Thyrotropinoma When Surgical Adenomectomy Did Not Achieve Full Remission
Clinical Scenario
Thyrotropinoma is a TSH-secreting pituitary adenoma. When surgical removal of the adenoma does not deliver complete biochemical and clinical remission, a structured next-line medical protocol is applied to restore hormonal control and address the residual tumour.
Prior Treatment — Goals Not Met
First-line management is surgical adenomectomy (transsphenoidal or subfrontal approach). Escalation to medical therapy is triggered when the expected post-surgical endpoints are not reached: undetectable TSH one week after surgery, clinical remission of hyperthyroidism, resolution of neurological symptoms, and normalisation of circulating thyroid hormones and TSH.
Next-Line Medical Approach (Partial Overview)
Medical therapy for persistent or incompletely resected thyrotropinoma is built around a class of agents demonstrated to suppress TSH secretion from neoplastic thyrotropes. In certain biochemical responses, an additional substitution strategy may be required. An alternative receptor-targeted pharmacological class is also available in this setting.
Full agent selection, sequencing, and monitoring criteria available in the structured protocol →
Treatment Goals
- Restoration of the euthyroid state with normalisation of circulating thyroid hormone levels
- Reduction of TSH secretion
- Reduction in goiter size
- Pituitary tumour mass shrinkage
- Improvement of vision
References
DOI: 10.1159/000351007
- Medical treatment of TSHomas is mainly based on the administration of somatostatin analogs that have been demonstrated to be highly effective in reducing TSH secretion from neoplastic thyrotropes.

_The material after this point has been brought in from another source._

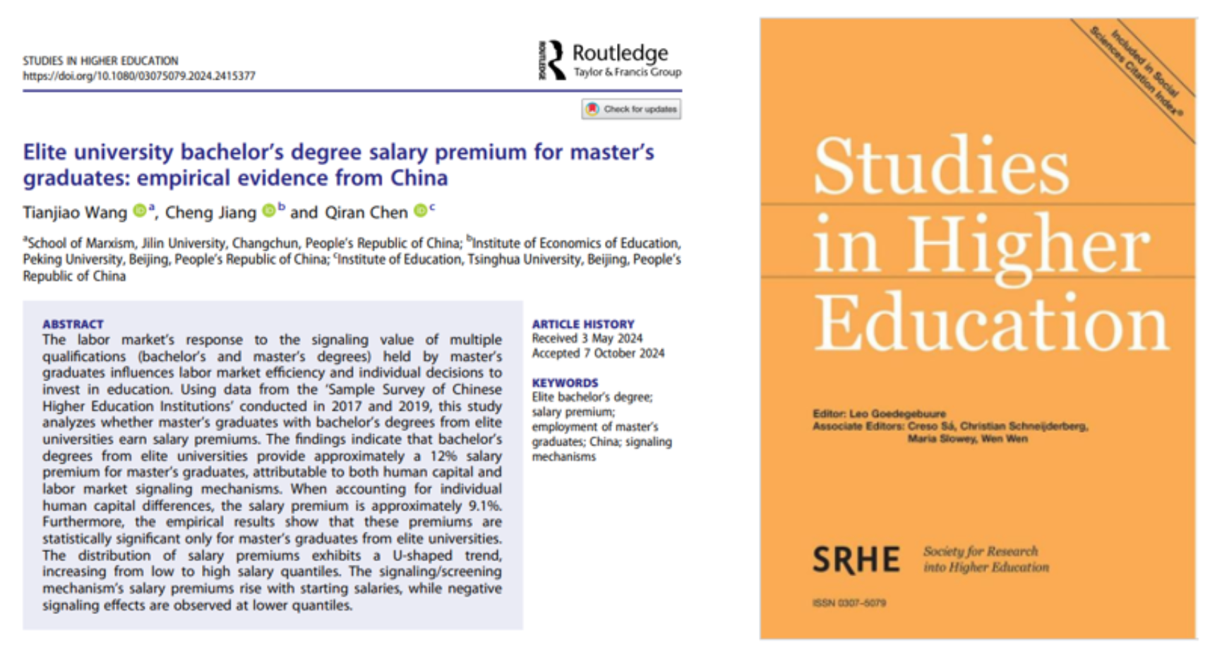 近日,我院蒋承老师(通讯作者)及其合作者王天骄(第一作者)、陈其然在国际高等教育权威刊物《Studies in Higher Education》上发表题为“Elite university bachelor's degree salary premium for master's graduates: empirical evidence from China”的学术论文。

- Treatment with long-acting somatostatin analogs, such as octreotide LAR® or lanreotide SR® or lanreotide Autogel®, induces a reduction in TSH and α-GSU secretion in almost all cases, with restoration of the euthyroid state in the majority of them.
- The marked somatostatin-induced suppression of TSH secretion and consequent biochemical hypothyroidism seen in some patients may require L-T4 substitution.
- Dopamine type 2 receptors are present in most TSHomas and thus dopamine agonists, such as bromocriptine or cabergoline, have been used in the treatment of affected patients.
- Circulating thyroid hormone levels normalized in more than 90% of patients and goiter size is significantly reduced by somatostatin analog therapy in about 30% of cases.
- Somatostatin analog treatment induces a significant tumor mass shrinkage in about 40% of patients and vision improvement in about 70% of them.